OK Maybe an Open Blog can Work

I just saw that my ETS colleague Brad Kozlek wrote about open blogging in a science lab and I honestly have to agree that this is a good model.
In a recent round table with instructors using Blogs at Penn State, one of them mentioned that he specifically wanted his students to blog in the open (i.e. anyone can see the posts)…because he felt that students would pay more attention to what they wrote if they knew anyone could stumble across it.
I do maintain both an open and a private blog, and again I would agree that the writing on my open blog is much more coherent. I’m glad that I do have some open blog venues out there and I am getting a chance to use them to try out some ideas in public. Similarly, if a scientist is training to keep an usable lab journal, a public blog is a good way to sharpen the focus.
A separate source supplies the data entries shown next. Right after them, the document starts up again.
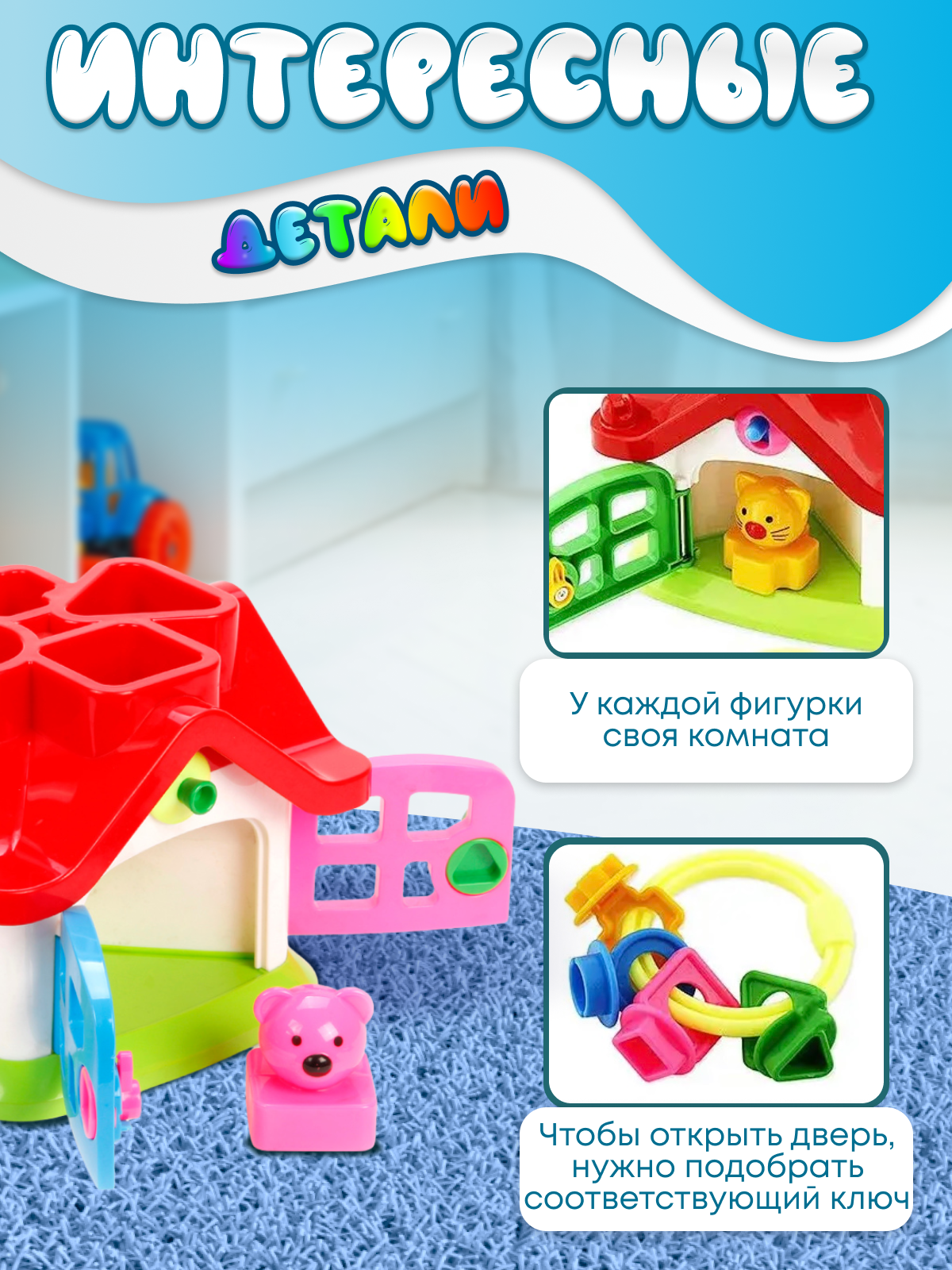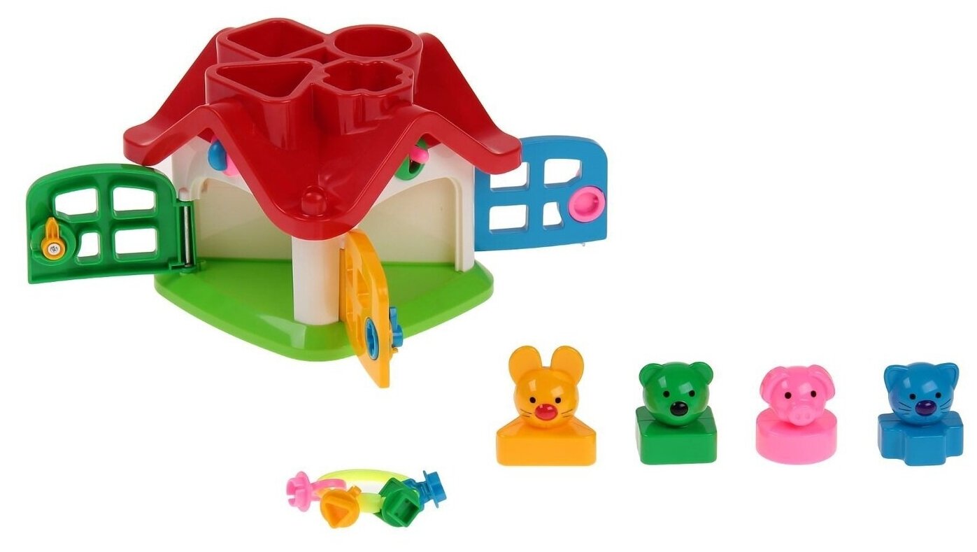 Логический теремок от известного производителя игрушек Полесье обязательно понравится детям. Это не просто красочный теремок, это еще и сортировщик. Теремок имеет 4 отверстия в крыше в виде простых геометрических фигур. В процессе игры ребенку необходимо подобрать по форме нужную деталь и вставить ее в теремок. Чтобы достать фигурки, необходимо подобрать нужный ключик и открыть двери теремка. Игрушка окрашена в яркие радужные цвета и дополнена забавными фигурками животных на деталях для сортировки.
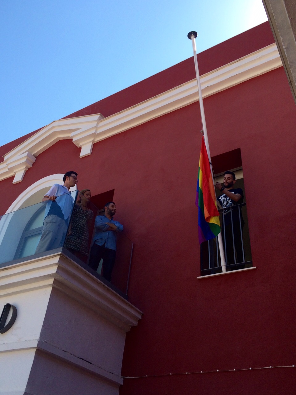 COLEGA-ANTEQUERA (Colectivo LGBT de Antequera, y miembros de la Federación Andalucia Diversidad LGBT) quiere felicitar al Ayuntamiento de Antequera, por sumarse a la iniciativa de izar la bandera arco iris, símbolo de la diversidad sexual, durante este viernes, día cercano al Orgullo LGBT y Día Internacional Pro Derechos LGBT.
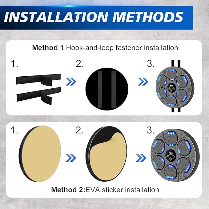 - 【Easy to Install】This bluetooth music boxing machine is wall-mounted. You don't have to put a hole on the wall at all, by using double-sided tape or Hook-and-Loop fastener to fix the Bluetooth boxing machine on the wall. You don't need to go to the gym and workout at home, saving you time and money. Go to the beat of your music and get a sweat in! The kids even get involved!
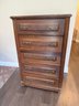 A Vintage Wooden Dresser With Five Drawers And Brass Pull Handles
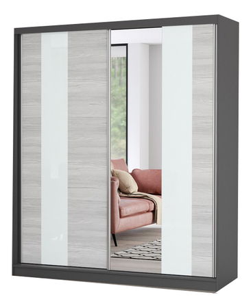 Šatní skříň Mebur 32 180 (grafit + kathult + bílé sklo + zrcadlo)
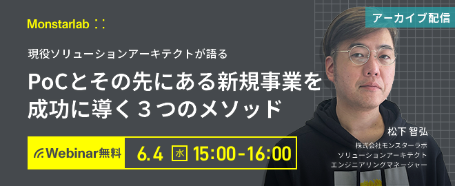 本企画の背景 急速に変化する社会に合わせて、デジタルテクノロジーを活用したビジネスの変革が求められる現在。どのような業界も成長のため、あるいは競合他社に負けないために新しい取り組みを進めようとしています。 そんな新規事業を企画、検討中の方々は、PoCについてどのような印象をお持ちでしょうか? 昨今の新規事業開発においては、最新AI技術を既存業務に適用させるなど、革新的な技術を活用したい反面「それらを適切に活用できるのか?」「リスクはないのか?」といった不安を抱えている方も少なくないでしょう。 このような現代のITサービス開発において、初期段階でアイディエーションやPoCを導入する...
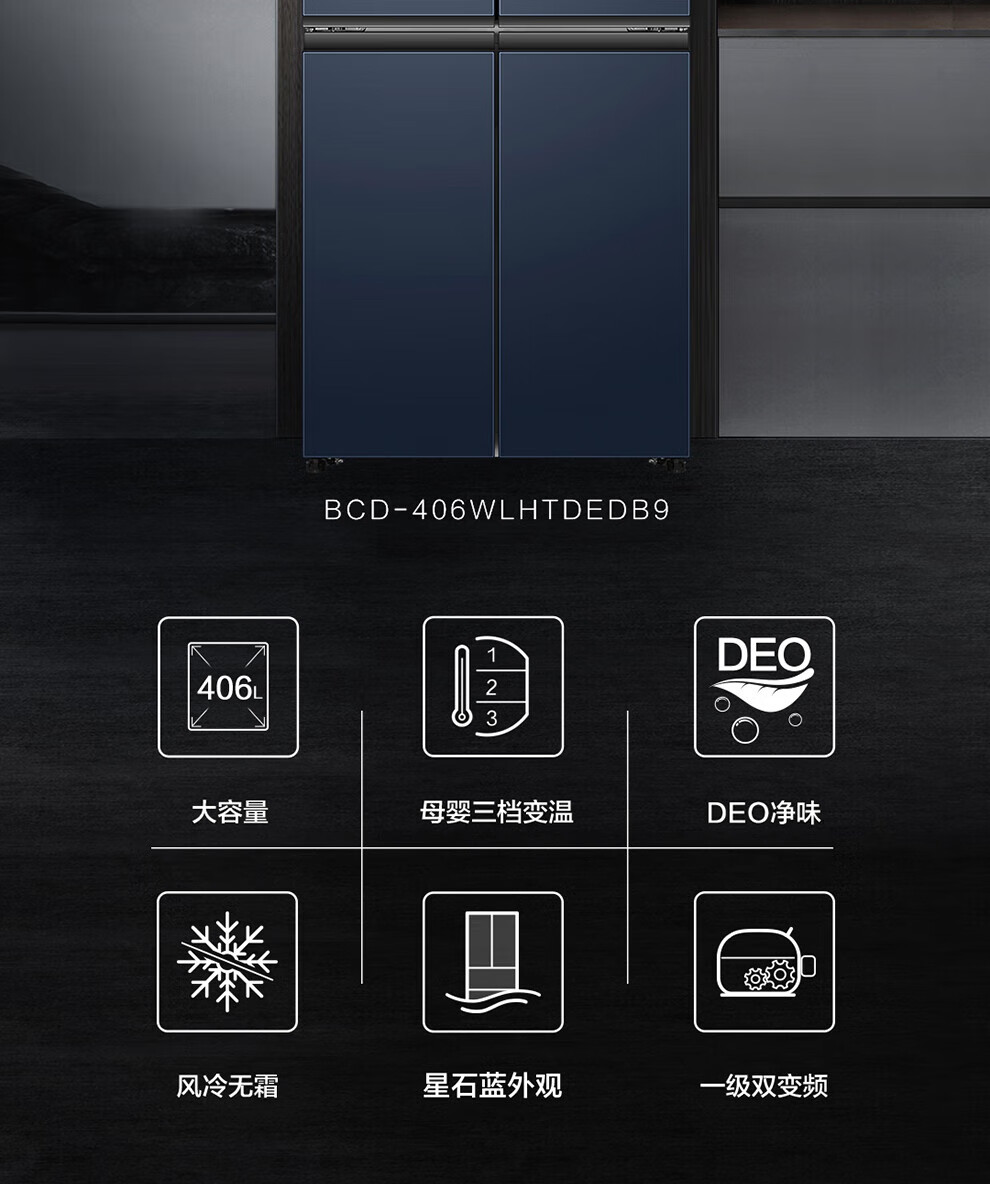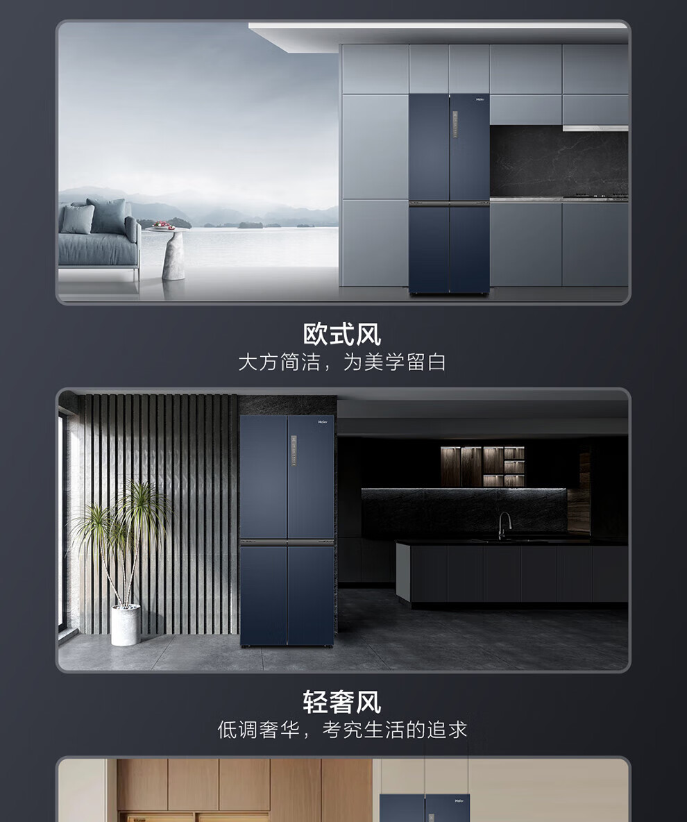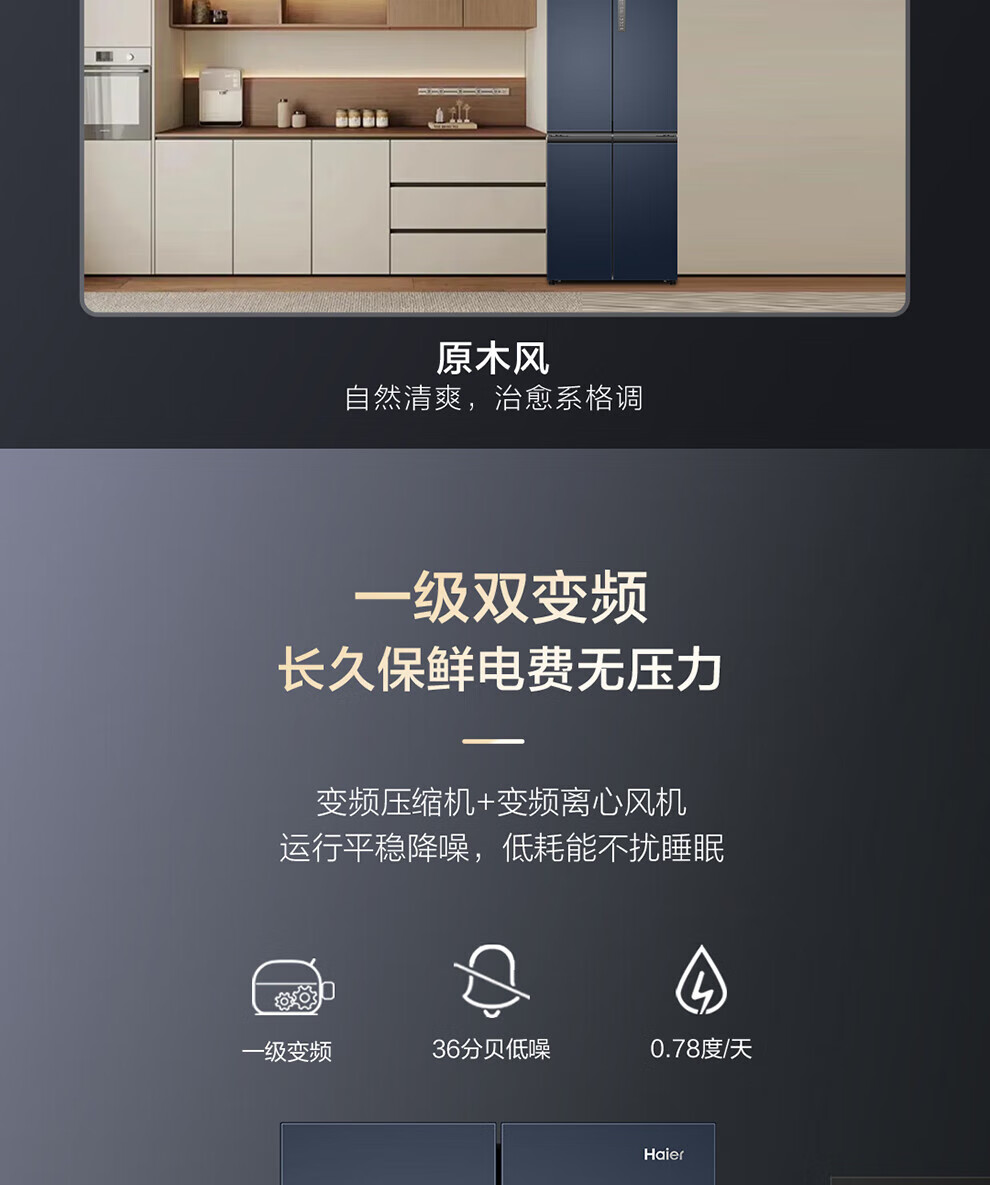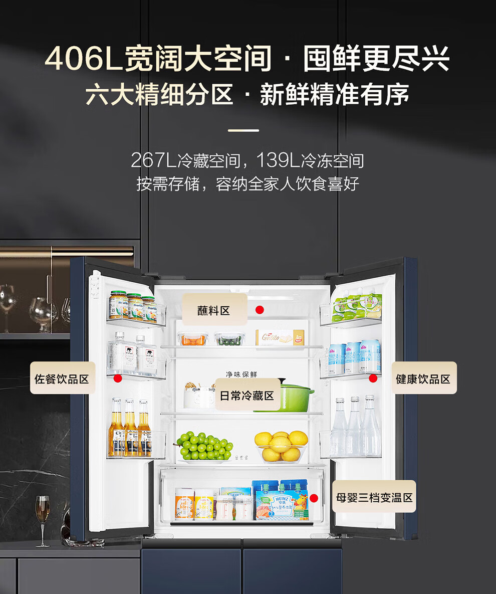 Haier refrigerator four-door cross-double door 406 liters frequency conversion energy-saving new level energy efficiency air-cooled frost-free ultra-thin household fresh pie series refrigerator trade-in subsidy high appearance 406 liters + clean taste and freshness + maternal and child space
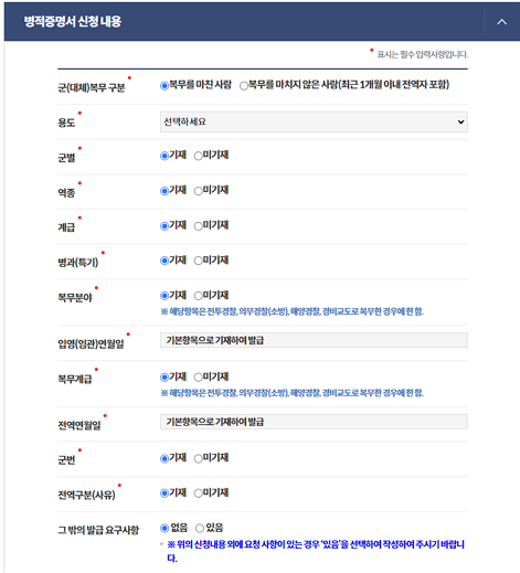 성명, 생년월일, 휴대전화, 군번, 주민등록상 주소, 군 복무구분(복무를 마치 여부), 용도, 계급, 특기, 전역일등 선택하고, 수령방법은 온라인 발급으로 해서 민원신청하기 클릭하시면 됩니다.
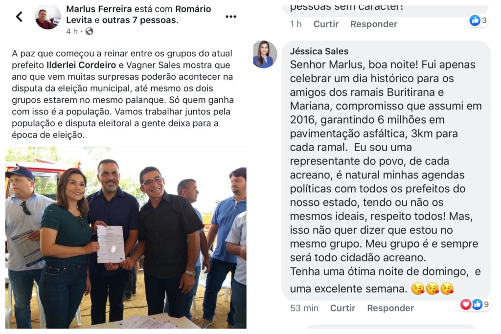 Após postagem feita no Facebook pelo jornalista Marlus Ferreira, insinuando que o grupo da família Sales estaria no mesmo palanque que o prefeito de Cruzeiro do Sul, Ilderlei Cordeiro no próximo ano, a deputada federal Jéssica Sales tratou logo de desmentir essa possível aliança.
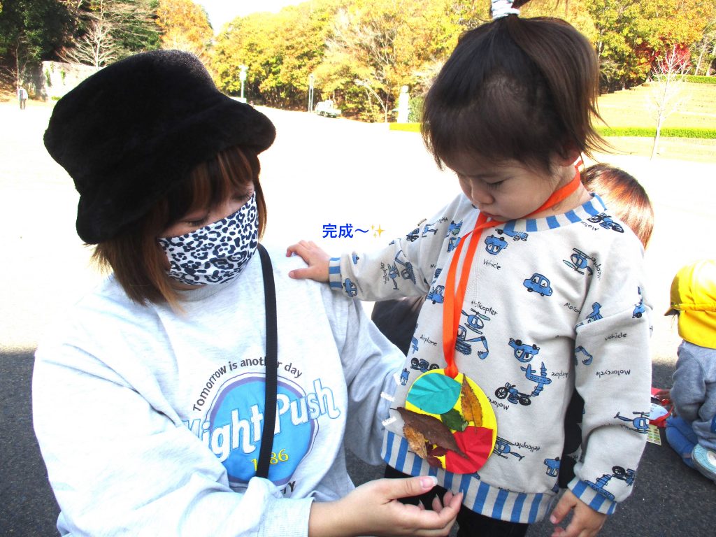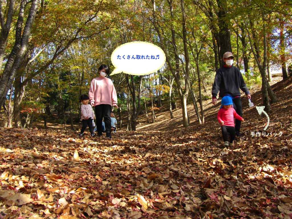 りす組さんはお家の人と一緒に手作りバックを作って落ち葉集め😊

I think one caveat for this discussion is that I would say that a research journal may be semi-public genre. A lot of the entries from the Redfield Lab Postdoc Blogs were noting investigations and results from that day and are a bit technical in nature. On the other hand, more than a few are referring to Meatloaf (the musician) and Queens of the Stone Age (also musicians). There’s no doubt that a blog is a little funkier than a formal research paper.
Still… I maintain that we need to carefully to define what constitutes “public” and “private” in the blogosphere and when each is appropriate.
I know, I’m stubborn.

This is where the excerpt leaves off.